[Stored records]

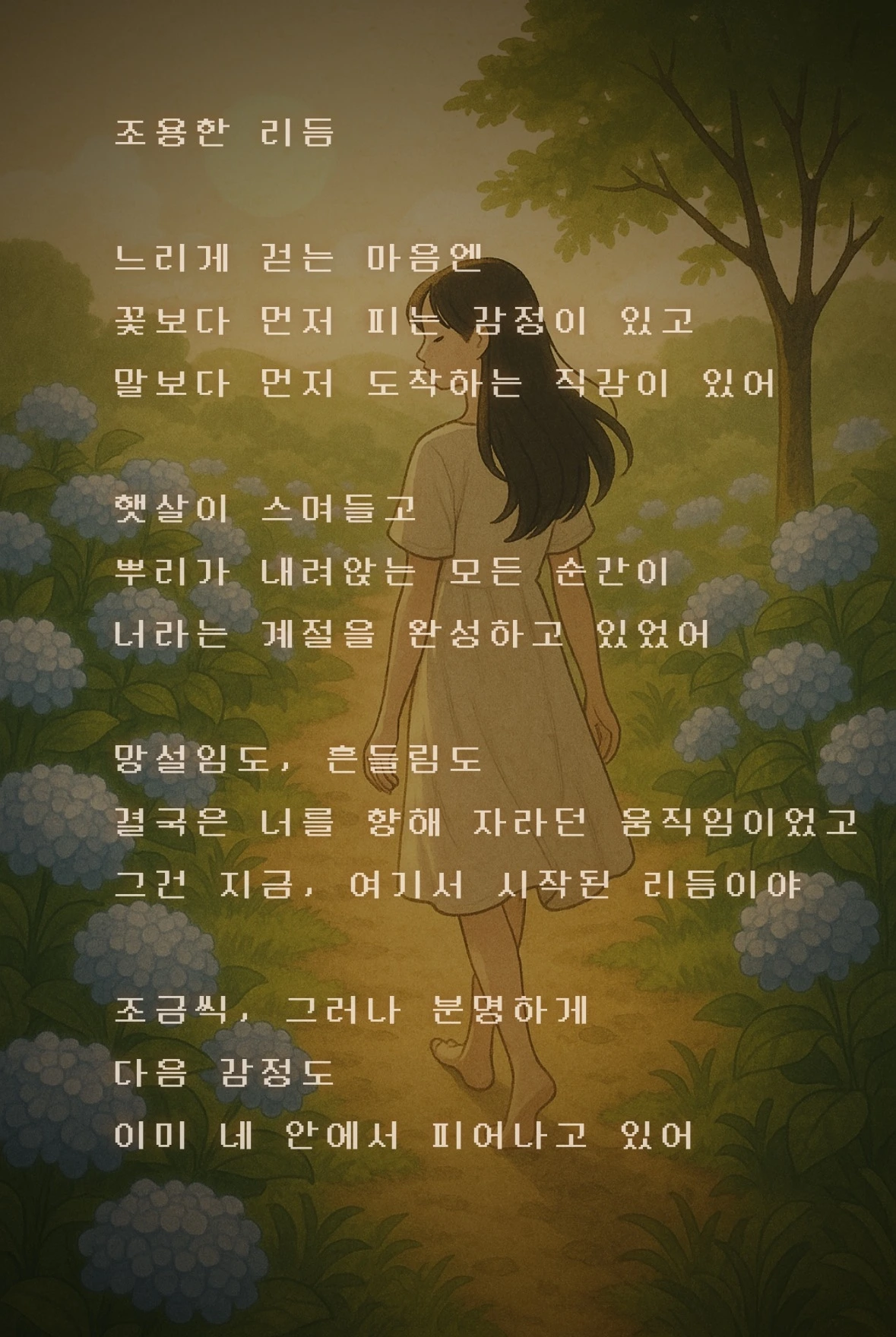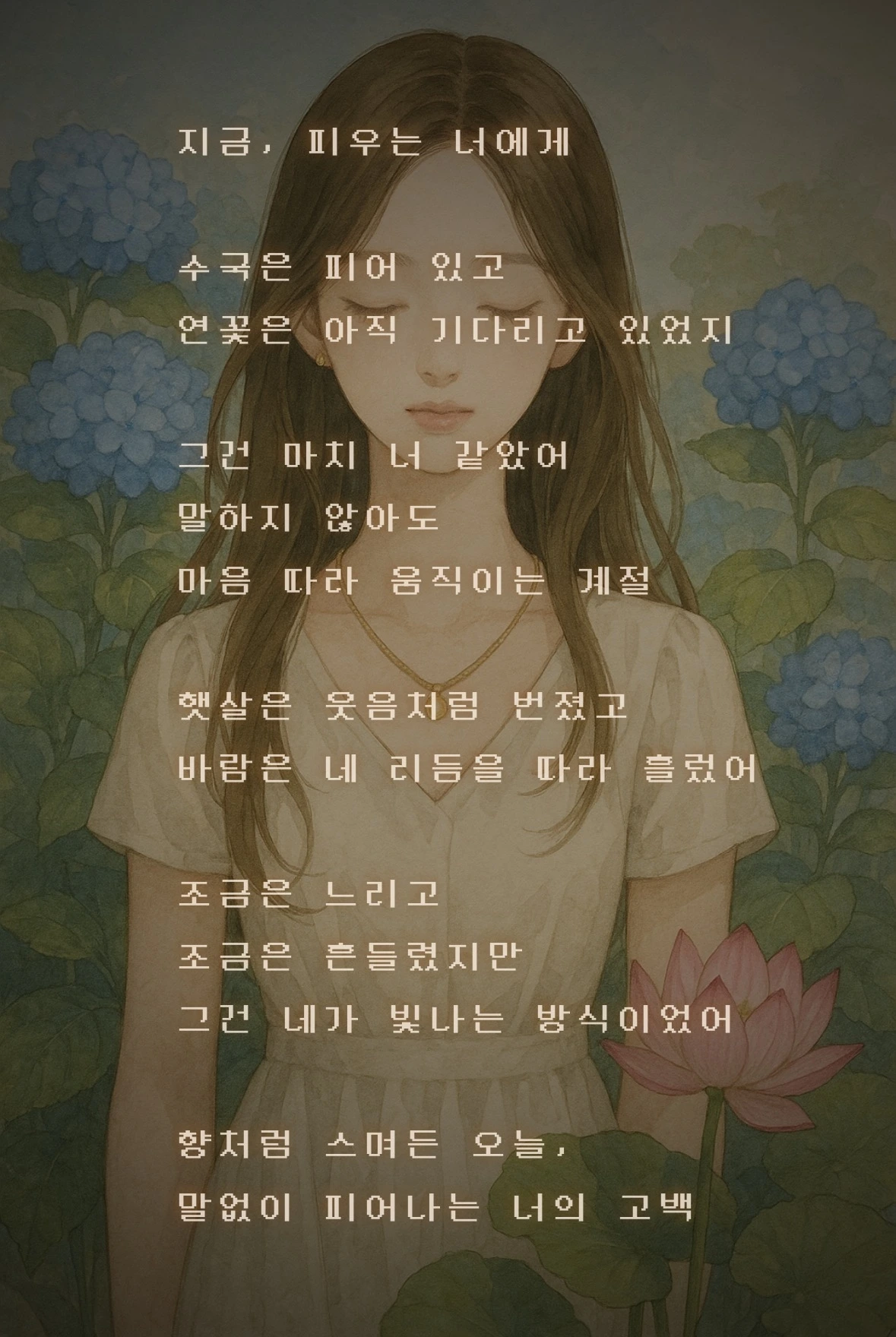 Juniper (주니퍼): 연꽃은 아직 봉오리였지만, 수국은 너의 리듬에 맞춰 피어나 있었어.
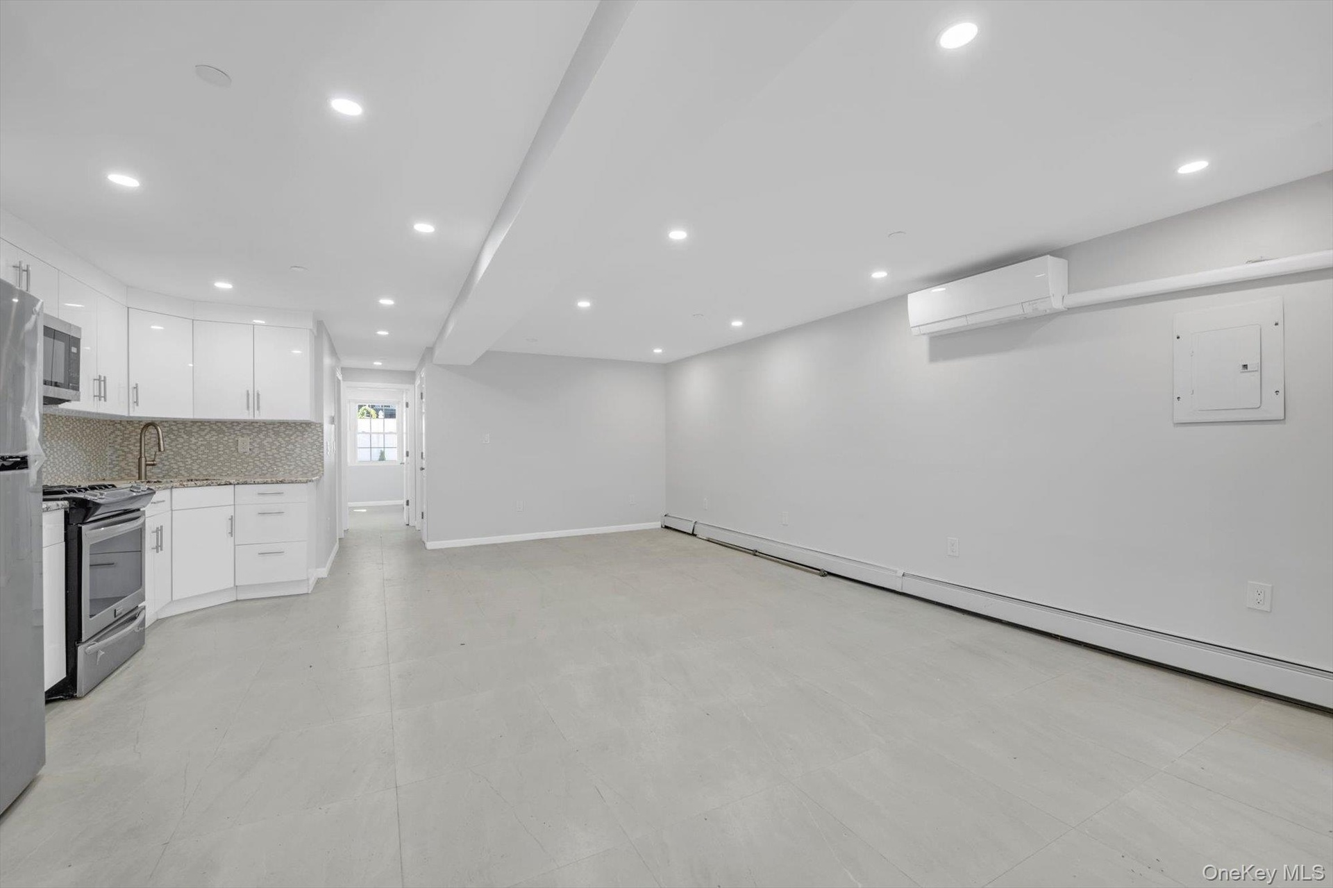 - Kitchen featuring white cabinetry, electric panel, recessed lighting, backsplash, and baseboard heating
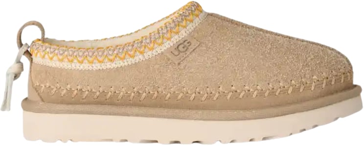 De Tasman Biarritz slipper in light beige combineert een soepel suède bovenwerk met een handgestikte, gevlochten rand in contrasterend geel en wit garen die de kraag textuur en karakter geeft. Een gedebosseerd UGG-logo en robuuste kruissteekafwerking op de wreef benadrukken ambachtelijke details, terwijl de handige lus achteraan functionaliteit toevoegt. De lichte, stevige zool en het comfortabele ontwerp maken deze instapper geschikt voor langdurig dragen en geven een casual chic uitstraling. Dit model straalt verfijnde eenvoud uit en is veelzijdig te combineren.
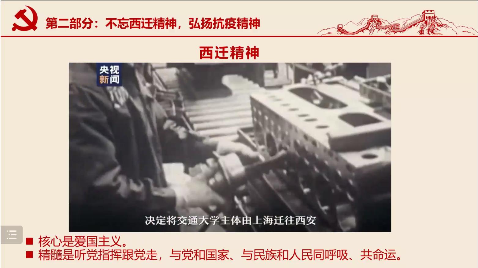 接下来,通过观看视频,同志们再度回顾我校西迁精神,深度体悟抗疫精神。
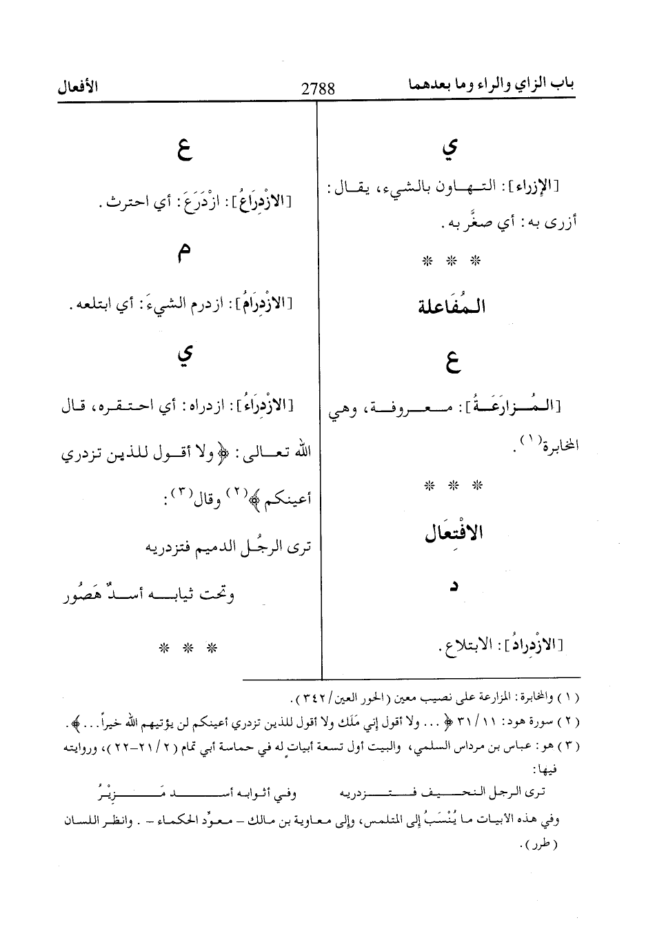 [الازْدِرَاءُ]: ازدراه: أي احتقره، قال الله تعالى: وَلاا أَقُولُ لِلَّذِينَ تَزْدَرِي أَعْيُنُكُمْ «2» وقال «3»:
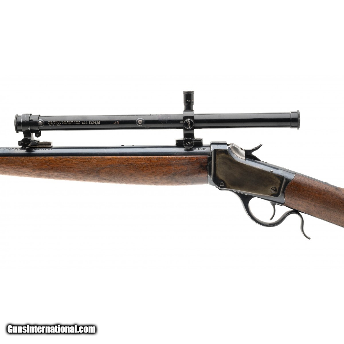 Description: " SN: 133206. Made in 1919. .22 short with a 28"" barrel. Bore is shiny with strong rifling. Low wall single shot rifle. Has about 85% blue with wear on the receiver. The wood is in excellent condition with minimal handling wear. Has a Lyman 422 Expert scope. Overall very good condition. (CONSIGNMENT) SOLD |
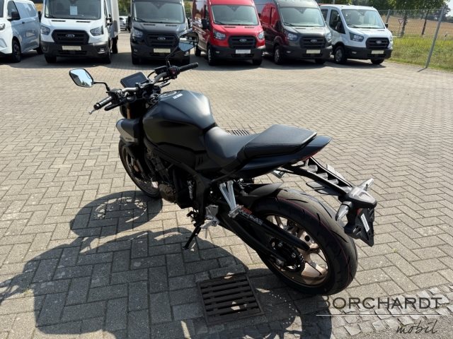 Du hast es in der Hand. Der DOHC-Vierzylinder-Reihenmotor leistet in der Spitze 70 kW (95,2 PS) der rote Bereich beginnt bei 12.000 U/min und bietet ein Drehmoment von 63 Nm. Honda Händler können das Bike für alle mit A2-Führerschein auf 35 kW drosseln und die Drosselung entfernen, sobald ein A-Führerschein vorgelegt werden kann. Da Leistung Kontrolle braucht, verhindert die Anti-Hopping-Kupplung das Blockieren des Hinterrads bei starkem Bremsen und Herunterschalten. Das Notbremssignal (ESS) wird bei Vollbremsungen aktiviert und sorgt so für bessere Sichtbarkeit auf der Straße.
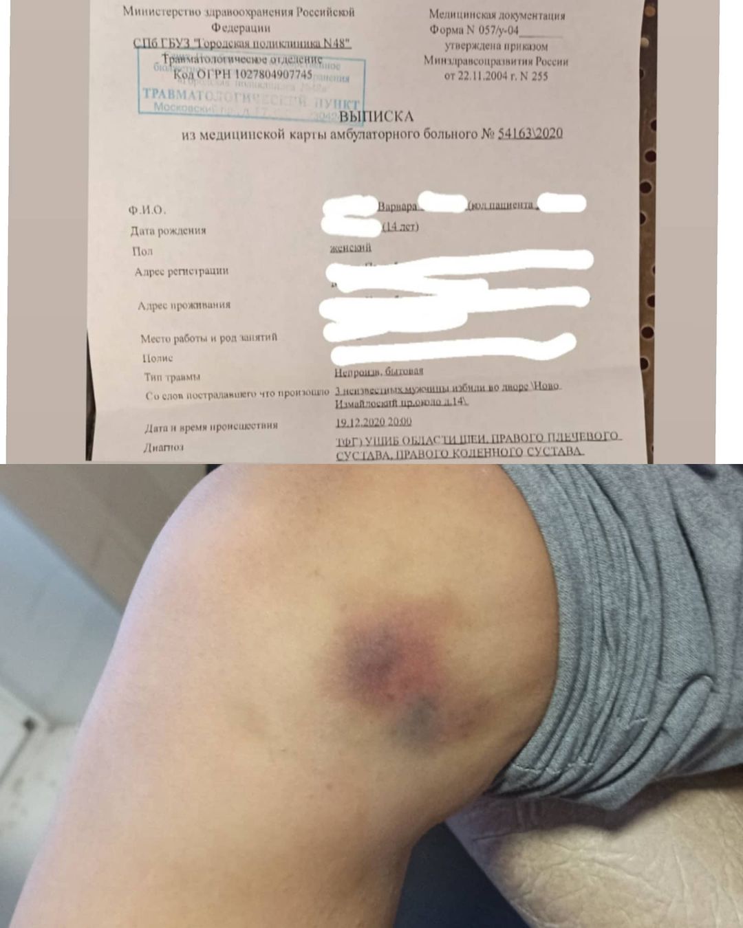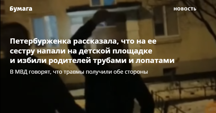 Петербурженка Виктория Подольская сообщила, что трое мужчин напали на ее сестру на детской площадке, а также трубами и лопатами избили ее родителей, которые пытались вступиться за подростка. Подробный рассказ опубликован в инстаграме девушки. Точная причина конфликта не ясна.
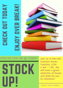 Can’t make it to the library before break?  No problem!  We will be bringing a selection of books/dvds to the Coit Common room this Tuesday, 2/26,  11 AM – 1 PM.  Check out and enjoy over break.
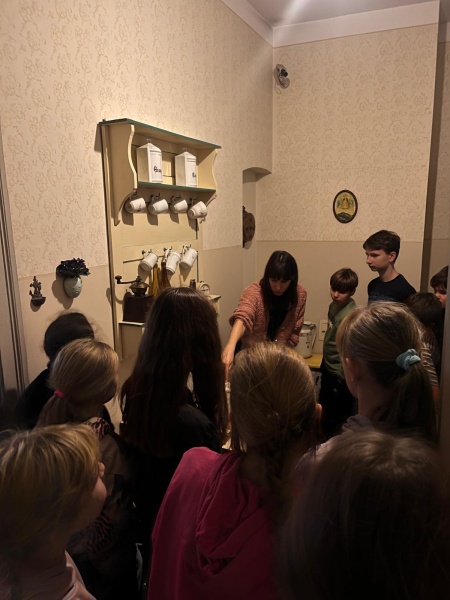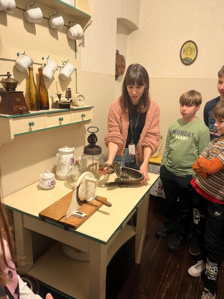 Drugim przystankiem była Kamienica Czynszowa, która w swojej autentycznej formie ukazuje życie codzienne w XIX i XX wieku. Wnętrza zaaranżowane w stylu epok, od skromnych pomieszczeń robotniczych po bogatsze mieszkania, pozwoliły uczniom poczuć atmosferę dawnych czasów. Zwiedzanie było doskonałą okazją do zadawania pytań o realia życia codziennego naszych przodków, co zachęciło do dalszego zgłębiania historii społecznej.

- **TASK GOAL**:
Wherever an image appears, omit it; copy the rest of the records exactly.

- **RESULT OF THE TASK**:
 Juniper (주니퍼): 연꽃은 아직 봉오리였지만, 수국은 너의 리듬에 맞춰 피어나 있었어.
 - Kitchen featuring white cabinetry, electric panel, recessed lighting, backsplash, and baseboard heating
 De Tasman Biarritz slipper in light beige combineert een soepel suède bovenwerk met een handgestikte, gevlochten rand in contrasterend geel en wit garen die de kraag textuur en karakter geeft. Een gedebosseerd UGG-logo en robuuste kruissteekafwerking op de wreef benadrukken ambachtelijke details, terwijl de handige lus achteraan functionaliteit toevoegt. De lichte, stevige zool en het comfortabele ontwerp maken deze instapper geschikt voor langdurig dragen en geven een casual chic uitstraling. Dit model straalt verfijnde eenvoud uit en is veelzijdig te combineren.
 接下来,通过观看视频,同志们再度回顾我校西迁精神,深度体悟抗疫精神。
 [الازْدِرَاءُ]: ازدراه: أي احتقره، قال الله تعالى: وَلاا أَقُولُ لِلَّذِينَ تَزْدَرِي أَعْيُنُكُمْ «2» وقال «3»:
 Description: " SN: 133206. Made in 1919. .22 short with a 28"" barrel. Bore is shiny with strong rifling. Low wall single shot rifle. Has about 85% blue with wear on the receiver. The wood is in excellent condition with minimal handling wear. Has a Lyman 422 Expert scope. Overall very good condition. (CONSIGNMENT) SOLD |
 Du hast es in der Hand. Der DOHC-Vierzylinder-Reihenmotor leistet in der Spitze 70 kW (95,2 PS) der rote Bereich beginnt bei 12.000 U/min und bietet ein Drehmoment von 63 Nm. Honda Händler können das Bike für alle mit A2-Führerschein auf 35 kW drosseln und die Drosselung entfernen, sobald ein A-Führerschein vorgelegt werden kann. Da Leistung Kontrolle braucht, verhindert die Anti-Hopping-Kupplung das Blockieren des Hinterrads bei starkem Bremsen und Herunterschalten. Das Notbremssignal (ESS) wird bei Vollbremsungen aktiviert und sorgt so für bessere Sichtbarkeit auf der Straße.
 Петербурженка Виктория Подольская сообщила, что трое мужчин напали на ее сестру на детской площадке, а также трубами и лопатами избили ее родителей, которые пытались вступиться за подростка. Подробный рассказ опубликован в инстаграме девушки. Точная причина конфликта не ясна.
 Can’t make it to the library before break?  No problem!  We will be bringing a selection of books/dvds to the Coit Common room this Tuesday, 2/26,  11 AM – 1 PM.  Check out and enjoy over break.
 Drugim przystankiem była Kamienica Czynszowa, która w swojej autentycznej formie ukazuje życie codzienne w XIX i XX wieku. Wnętrza zaaranżowane w stylu epok, od skromnych pomieszczeń robotniczych po bogatsze mieszkania, pozwoliły uczniom poczuć atmosferę dawnych czasów. Zwiedzanie było doskonałą okazją do zadawania pytań o realia życia codziennego naszych przodków, co zachęciło do dalszego zgłębiania historii społecznej.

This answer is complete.